The last thing the SNP need in the immediate future is more talking without delivery. They need action. The party should be looking for a next leader who has the skillset to rebuild the party internally (or who knows the people to bring in to do that) and to try to get its policy development and (while in power) its governmental performance together.

If that leader appeared to you to be the opposite of your idea of central casting’s ideal SNP leader, he or she would still be the leader the party needs right now.

Because there will be time to bring in another leader with the gift of the gab towards 2031 if need be, but that leader must have firm foundations on which to stand. Someone needs to build those foundations as soon as possible. And if all of the above is right, the SNP group in the Scottish Parliament will be a slimmed down group. It is a hard reality to face but can you identify a credible 2031 Cabinet from among the current cohort, with a back-up option or two for each position? That is what a party ready to return to government looks like.
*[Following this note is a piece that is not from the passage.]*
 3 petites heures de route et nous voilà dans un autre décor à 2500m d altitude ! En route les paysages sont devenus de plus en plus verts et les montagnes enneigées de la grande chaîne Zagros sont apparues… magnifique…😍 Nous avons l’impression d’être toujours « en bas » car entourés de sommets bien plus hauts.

If the SNP do not have those people in the Parliament by June 2026 it will not have them there for 2031. I don’t believe the current cohort has anything like the depth of talent or ability from which to rebuild. It is almost inevitable now that real pain awaits the SNP.

It is already feeling that pain through a late-term government which seems unable to buy a good headline. It will feel it a lot more reading “First Minister Sarwar” in all the newspapers for the subsequent five years. I am arguing strongly that the best bet for the party is to accelerate that pain, absorb it as fast as possible, take the resultant action and get past it quickly.
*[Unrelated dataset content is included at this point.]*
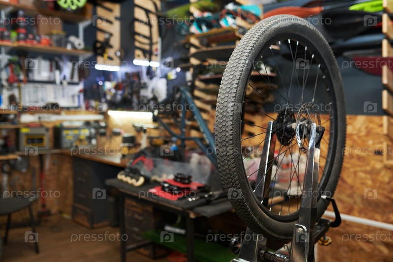 Колесо велосипеда, которое ремонтируется в мастерской с видимыми инструментами и оборудованием

I believe that means changing leader now to at least try to give the impression that a new generation of the SNP is ready to take over. I absolutely believe that means that the party should have open selections for every seat, with the clear instruction that if the candidate in place is not a strong contender for a frontline cabinet job at least within five years, they shouldn’t be selected.
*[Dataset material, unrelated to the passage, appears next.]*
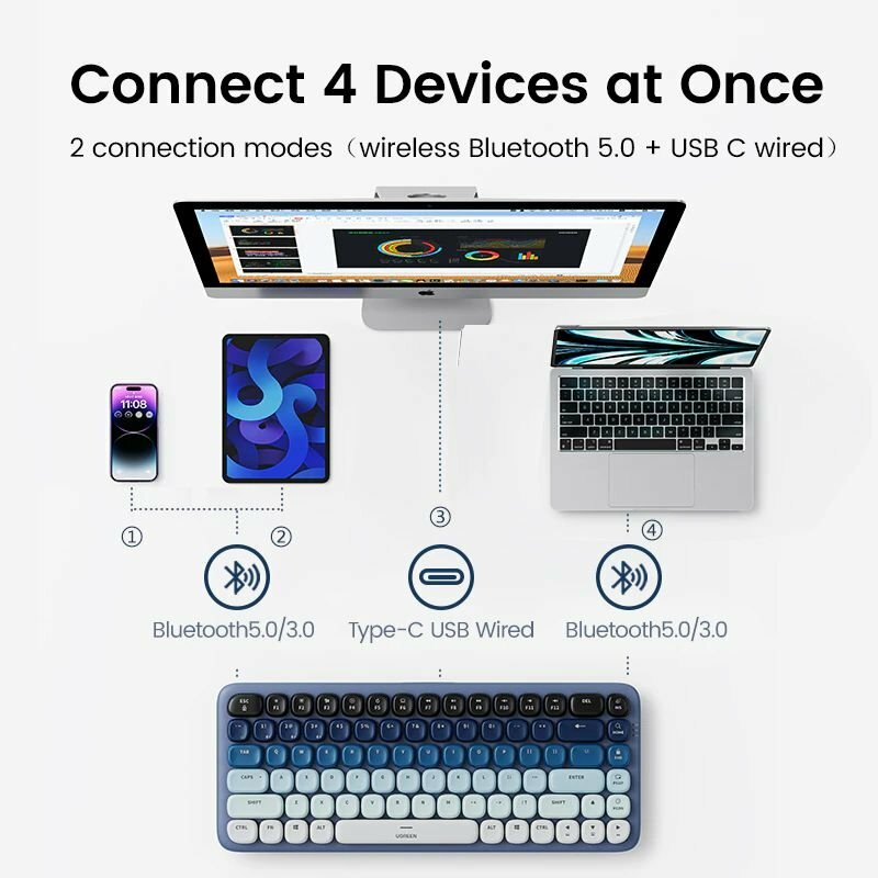 Клавиатура Ugreen KU101 FUN+ Mechanical Keyboard blue механическая usb-c/bluetooth

The party needs now to pick a leader not to schmooze the public but to listen to it carefully and make the appropriate changes, a leader who understands what an effective election-fighting machine looks like. Next year, in 2025, the SNP need to pick candidates to form ideally two cabinets it can be really proud of, an heir and a spare.

That might give them enough fresh impetus to get over the line in 2026. If they don’t get over that line, it prepares them seriously to be the contender the independence movement needs by 2031.

I got into politics because I believe hope isn’t foolish. I hate that I’ve turned into a Cassandra figure but I do not believe that ignoring reality or believing false promises ever helps. People can respond to all of the above with as much vitriol to me as usual if they want but it won’t make any difference. This is all going to happen anyway.

I just hope you can see that there is an alternative to wandering into failure and stagnation – if the SNP buck the usual trend; ban denialism and self-pity; face up to their failures and weaknesses with an almost masochistic zeal; absorb the inevitable pain quickly; and pull out the stops to rebuild the party into a fighting shape as quickly as they possibly can.

There is a lot of resignation around, a lot of people who believe its too late to fix things for the Holyrood election. It isn’t. The Scottish Labour Party isn’t strong and it is disillusionment with the SNP rather than a drift of voters to Labour which is causing the problem. If the public can be persuaded that the reasons for their disillusionment are being addressed, there is a chance.

In the worst-case scenario, with a stronger parliamentary team, the SNP can give Labour hell for five years and dominate the 2031 election. But the SNP need a new generation and they need more heavyweights in parliament. And all of that requires serious change.

If the party can bite the bullet and make those changes fast, if it can be courageous and own up to its own failures, if it can persuade the public it has listened, there is more reason for optimism than it might appear.

Failure is never inevitable – but you need the courage to do something about it.